Pada lahan dengan sistem pengolahan intensif terkadang memiliki sebaran perakaran
yang cukup tinggi karena tanaman yang diusahakan dalam kurun waktu yang lama hanya
satu komoditi saja.
c) Erosi Tanah
Erosi adalah terangkutnya atau terkikisnya tanah atau bagian tanah ke tempat lain.
Meningkatnya erosi dapat diakibatkan oleh hilangnya vegetasi penutup tanah dan kegiatan
pertanian yang tidak mengindahkan kaidah konservasi tanah. Erosi tersebut umumnya
mengakibatkan hilangnya tanah lapisan atas yang subur dan baik untuk pertumbuhan
tanaman. Oleh sebab itu erosi mengakibatkan terjadinya kemunduran sifat-sifat fisik dan
kimia tanah.
Di lahan pertanian dengan pengolahan intensif, khususnya praktek penebangan hutan
untuk pembukaan lahan baru memiliki tingkat kerusakan lingkungan yang amat tinggi.

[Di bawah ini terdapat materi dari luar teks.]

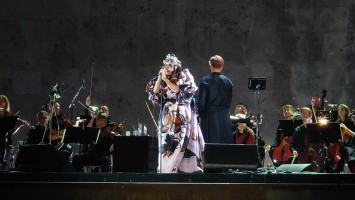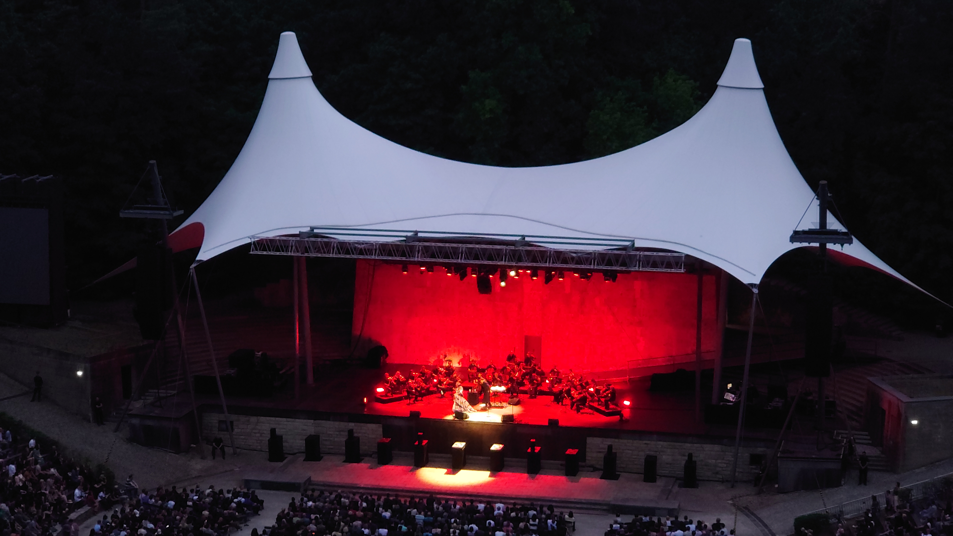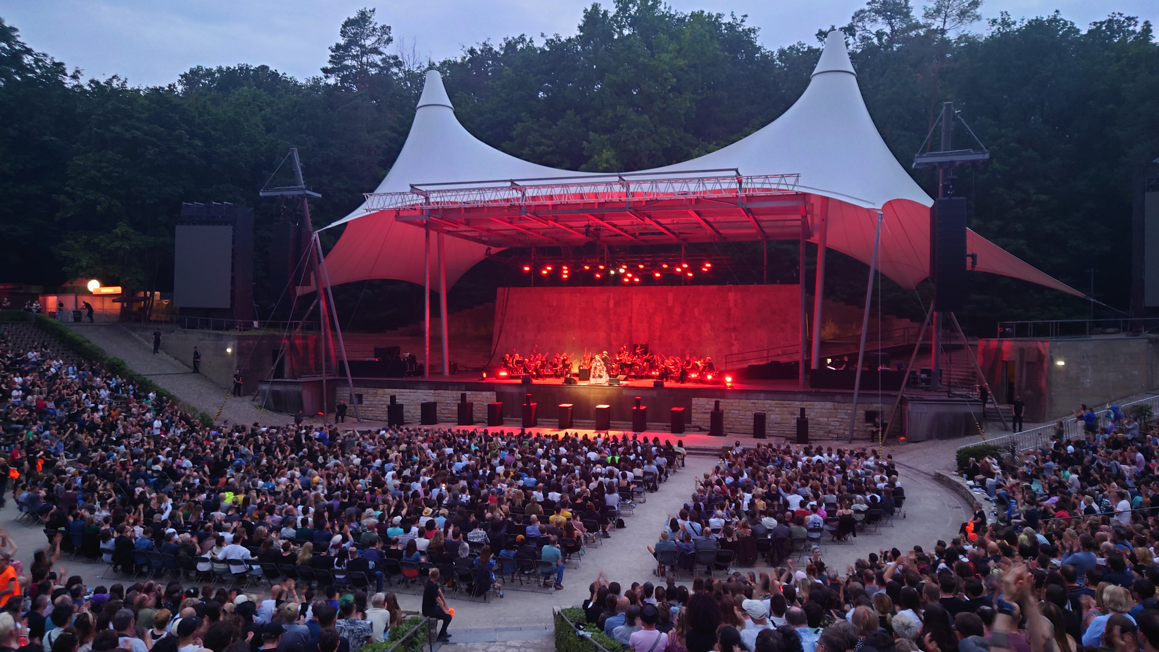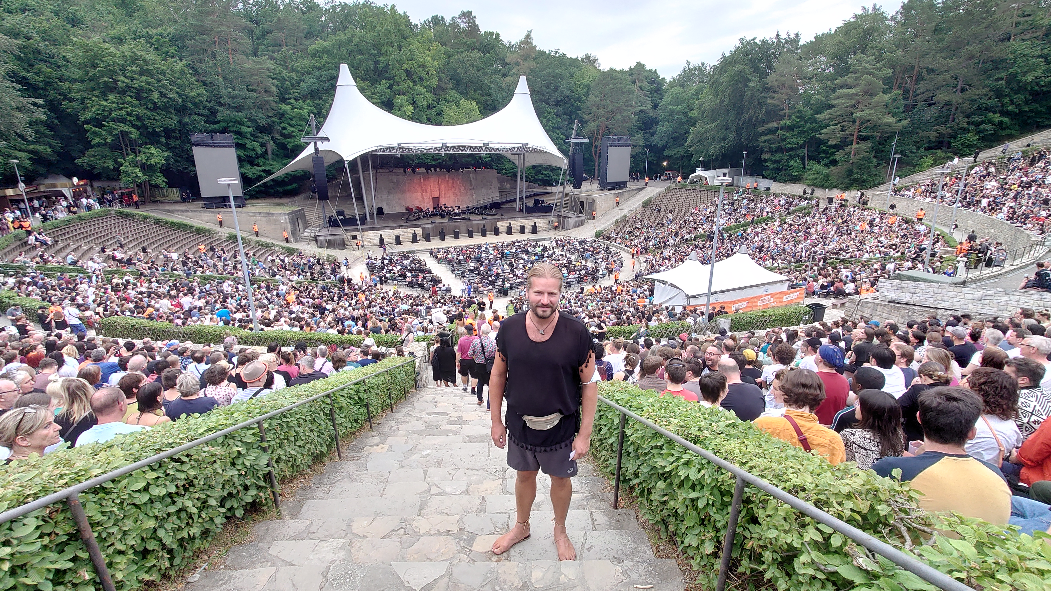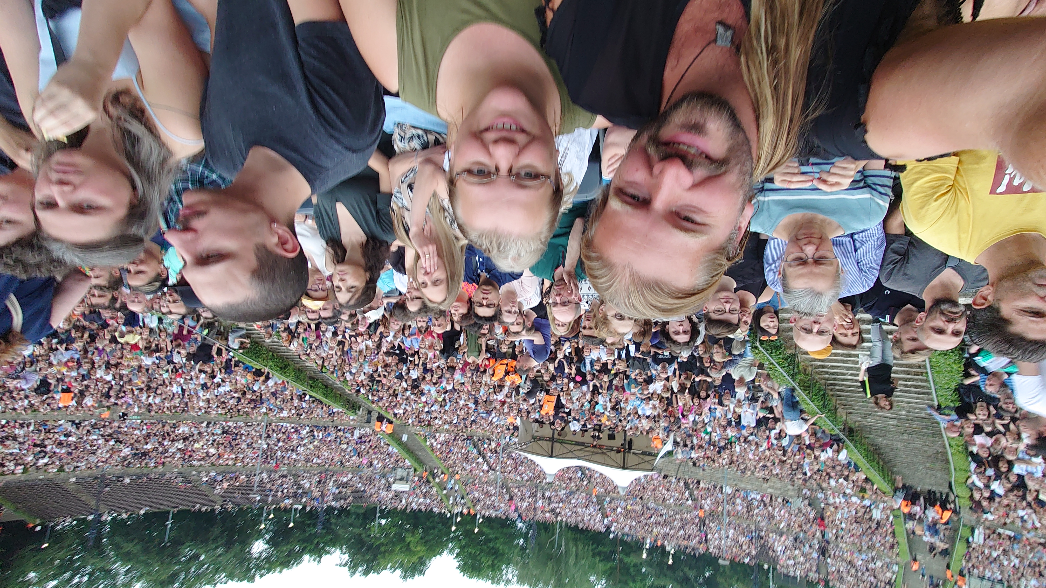 Das Orchester tritt auf, dann schwebt Björk als riesiger Wattebausch hinein. Auch sie ist exzentrisch, auch wenn sie mittlerweile 56 ist. 10 Jahre ist es her, dass ich mit ihr auf Island per Zufall mal gemeinsam In einem Hot Pot gesessen habe. Das hier ist das Produkt Björk. Das Konzert beginnt. Einst experimentelle Musik rein für Orchester. Es wirkt grandios. Das Publikum schwelgt in Nostalgie und Björk bedient sie. Es werden zum Großteil die Klassiker der 90er Jahre inszeniert, die alle freudig erwarten. Ich muss sagen, ich bin froh darum. Das war die Zeit, in der sie mich begeistert hat, eine Zeit, in der alleine der Gedanke daran, jemand könne als Isländerin kulturelle Bedeutung in der Welt erlangen, schon exzentrisch war. Das hat sich 30 Jahre später gänzlich gewandelt. Viele sind ihr gefolgt und Björk ist in meinen Augen so etwas wie eine phantastische Punk-Mama für die nachfolgenden Generationen geworden und wird als solche geliebt, auch wenn sie musikalisch eigentlich schon einen Schritt weiter sind. Sie selbst ist unter ihrem voluminösen Kleid kaum zu erkennen. Soll man sie überhaupt erkennen oder soll man nur das Kunstwerk begreifen. Schlussendlich kommentiert aber auch sie die Außergewöhnlichkeit der Umstände und nimmt damit für einen kurzen Moment Kontakt mit dem Publikum auf, der in Anbetracht der Reaktionen sehnlichst erhofft wurde. Ansonsten habe ich oft das Gefühl, dass sie ihren privaten Kern und bewusst in dick mit ihrem Kunstprodukt ummantelt, um ihn gegen Eindringlinge abzukapseln und zu schützen. Das ist irgendwo schade. Andererseits ist sie so etabliert, dass sie sich selbst so leisten kann, wie sie es will. Und man ist dankbar für jedes deutsche „Dankeschön“, das sie nach jedem Titel bekundet.

Pembukaan hutan tersebut merupakan tindakan eksploitasi lahan yang berlebihan,
perluasan tanaman, penggundulan hutan, telah berdampak pada keberlangsungan hidup
biota yang berada di bumi ini. Bila kondisi tersebut diatas terus berlangsung dengan cara
tidak terkendali, maka dikhawatirkan akan bertambahnya jumlah lahan kritis dan
kerusakan dalam suatu wilayah daerah aliran sungai (DAS). Kerusakan ini dapat berupa
degradasi lapisan tanah (erosi), kesuburan tanah, longsor dan sedimentasi yang tinggi
dalam sungai, bencana banjir, disribusi dan jumlah atau kualitas aliran air sungai akan
menurun.
Dengan vegetasi yang hanya satu macam pada satu areal lahan menyebabkan tidak
adanya tutupan lahan lain sehingga tidak dapat melindungi tanah dari daya pukul air hujan
secara langsung ke tanah, hal tersebut mengakibatkan laju erosi cenderung tinggi.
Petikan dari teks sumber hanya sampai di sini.